Iqaluit, the capital of the remote Canadian territory of Nunavut, had
to cancel its New Year’s snowmobile parade. David Ell, the deputy mayor, said
that people in the region had been looking with envy at snowbound American and
European cities. “People are saying, ‘That’s where all our snow is
going!’ ” he said.
The immediate cause of the topsy-turvy weather is clear enough. A
pattern of atmospheric circulation that tends to keep frigid air penned in the
Arctic has weakened during the last two winters, allowing big tongues of cold
air to descend far to the south, while masses of warmer air have moved north.
The deeper issue is whether this pattern is linked to the rapid changes
that global warming is
causing in the Arctic , particularly the
drastic loss of sea ice. At least two prominent climate scientists have offered
theories suggesting that it is. But others are doubtful, saying the recent
events are unexceptional, or that more evidence over a longer period would be
needed to establish a link.
Since satellites began tracking it in 1979, the ice on the Arctic Ocean ’s surface in the bellwether month of
September has declined by more than 30 percent. It is the most striking change
in the terrain of the planet in recent decades, and a major question is whether
it is starting to have an effect on broad weather patterns.
Ice reflects sunlight, and scientists say the loss of ice is causing
the Arctic Ocean to absorb more heat in the
summer. A handful of scientists point to that extra heat as a possible culprit
in the recent harsh winters in Europe and the United States .
Their theories involve a fast-moving river of air called the jet stream
that circles the Northern Hemisphere. Many winters, a strong pressure
difference between the polar region and the middle latitudes channels the jet
stream into a tight circle, or vortex, around the North Pole, effectively
containing the frigid air at the top of the world.
“It’s like a fence,” said Michelle L’Heureux, a researcher in Camp Springs , Md. ,
with the National
Oceanic and Atmospheric Administration.
When that pressure difference diminishes, however, the jet stream
weakens and meanders southward, bringing warm air into the Arctic
and cold air into the midlatitudes — exactly what has happened the last couple
of winters. The effect is sometimes compared to leaving a refrigerator door
open, with cold air flooding the kitchen even as warm air enters the
refrigerator.
This has happened intermittently for many decades. Still, it is unusual
for the polar vortex to weaken as much as it has lately. Last winter, one index
related to the vortex hit its lowest wintertime value since record-keeping
began in 1865, and it was quite low again in December.
James E. Overland, a climate scientist with NOAA in Seattle, has proposed that the extra
warmth in the Arctic Ocean could be heating the atmosphere enough to make it
less dense, causing the air pressure over the Arctic to be closer to that of
the middle latitudes. “The added heat works against having a strong polar
vortex,” he said.
But Dr.

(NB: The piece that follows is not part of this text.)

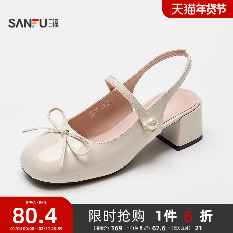 三福女单鞋夏季韩系少女蛋卷鞋时尚亮面气质娃娃鞋女鞋843751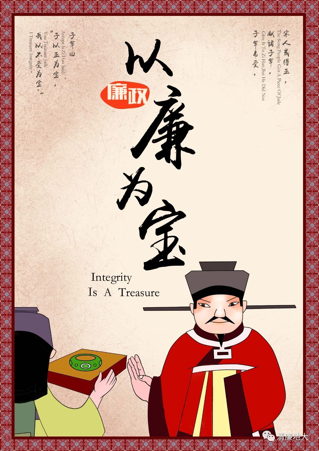 海报进行插画设计,风格简约素朴,传达居官应当清廉、为官应当正直、拒绝受贿的品质内涵。

Overland acknowledges that his idea is tentative and needs
further research. Many other climate scientists are not convinced, saying that
a two-year span, however unusual, is not much on which to base a new theory.

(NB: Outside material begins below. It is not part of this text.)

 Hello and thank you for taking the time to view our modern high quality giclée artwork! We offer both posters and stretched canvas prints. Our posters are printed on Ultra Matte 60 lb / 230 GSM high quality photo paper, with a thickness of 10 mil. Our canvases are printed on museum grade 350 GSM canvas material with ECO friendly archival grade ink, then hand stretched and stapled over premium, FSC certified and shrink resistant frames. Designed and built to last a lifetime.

“We haven’t got sufficient insight to make definitive claims,” said Kevin
Trenberth, head of climate analysis at the National
Center for Atmospheric Research in Boulder , Colo.
Judah Cohen, director of seasonal forecasting at a company called Atmospheric and
Environmental Research in Lexington, Mass., has spotted what he
believes is a link between increasing snow in Siberia and the weakening of the
polar vortex. In his theory, the extra snow is creating a dense, cold air mass
over northern Asia in the late autumn, setting
off a complex chain of cause and effect that ultimately perturbs the vortex.